Saturday, October 18, 2014

I Love You, Gramma

  I don't even know where to begin or what to say. My gramma, the one who held me as a baby, helped me as child, and encouraged me as an adult, peacefully passed away yesterday. You know, I always prided myself in being a very emotionally and mentally strong person, but this has just torn my heart to pieces. I went to her room, brought her some food the night before she passed and said goodnight like any other night. I only wish I had held onto her and never let go. I wasn't ready for this at all and I'll be the first to admit I don't know how to handle myself.
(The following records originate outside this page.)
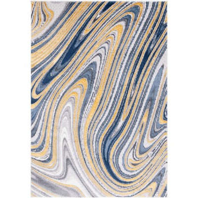 Introduce a touch of elegance and modern sophistication into your home with our contemporary styled area rug, available in a convenient 4 X 6 small rectangle size. Designed with an eye-catching blue and gold color palette, this rug features a dynamic pattern of swirling waves that weave together in a harmonious dance of color and form.
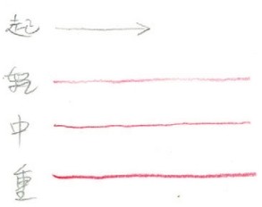 根据力度的变化,色铅笔可以画出轻重不同的线条,初学者可以先在纸上尝试画出不同重度的颜色。
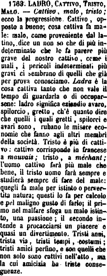 | Ladro, Cattivo, Tristo, Malo - Cattivo, malo, tristo; ecco la progressione. Cattivo, opposto a buono; cosa cattiva fa male: malo, come proveniente dal latino, dice un non so che di più indeterminato che lo fa parere più grave del nostro cattivo, come i mali, i pericoli indeterminati più gravi ci sembrano di quelli che già per prova conosciamo. Ladra è la cosa cattiva tanto che non vale il tempo di guardarla o di occuparsene: ladro significa eziandio avaro, spilorcio, gretto, ch'è quanto dire che quelli i quali gretti, spilorci e avari sono, rubano le misere economie che fanno agli altri membri della società. Tristo è più di cattivo: cattivo corrisponde in francese a mauvais; tristo, a méchant; l'uomo cattivo farà più male che bene, il tristo uomo farà sempre e studierà sempre di fare del male: quegli fa male per istinto o pervertita natura; questi lo fa per calcolo e pel maligno gusto di farlo; il primo nel malfare sfoga un malo istinto, una passione; il secondo intende a procacciarsi un piacere o quasi un divertimento. Tristi anni, trista via, tristi tempi, costumi; tristi amici perfino, e son quelli che non solo sono cattivi nell'atto, ma la cui amicizia ha triste conseguenze. [immagine] |

  I came home everyday and watched her struggle to get through another day as her health got worse and worse. She didn't deserve that. But she was strong. She always made time for us, always managed to smile through her pain. She was my living inspiration that I could literally get through anything, because she managed to get through everything. Ever since I was little, she always told me to follow my dreams. As I grew up, she always believed in me even when I doubted myself. But you know what? She's no longer in pain. She's no longer struggling just to get out of bed.


  Something my boyfriend mentioned to me, in scientific terms, he reminded me of the 1st Law of Thermodynamics:

Energy cannot be created or destroyed. It can only change form.

Gramma's energy has not been destroyed. Her body does not live anymore, but her spirit does.
Even her body will be beautifully recycled and her carbon will be redispursed through the ground, the plants, the atmosphere. Gramma will literally always be here. She'll be in the air I breathe, the wind I feel, a tree I see. And she'll always and forever live on in my heart.


  No, I don't think it's fair that she won't be there to see me graduate. I won't be able to hug her at my wedding. Just sitting downstairs alone, the silence of not hearing her oxygen machine tears me apart. But she's still here. She believed in me, and I'll continue that by believing in myself. I want to be strong just like her. I want to take whatever life gives me and still manage a smile, just like she did. I know she'll be smiling down. I want to become the woman she knew I could be.

   I miss you Gramma. I will always remember our times together. I'll miss setting up my hookah outside and laughing at the stories you'd tell me as you joined me. I love, and forever will love you. And I will always feel you in the nature around me, and keep you in the soul inside me.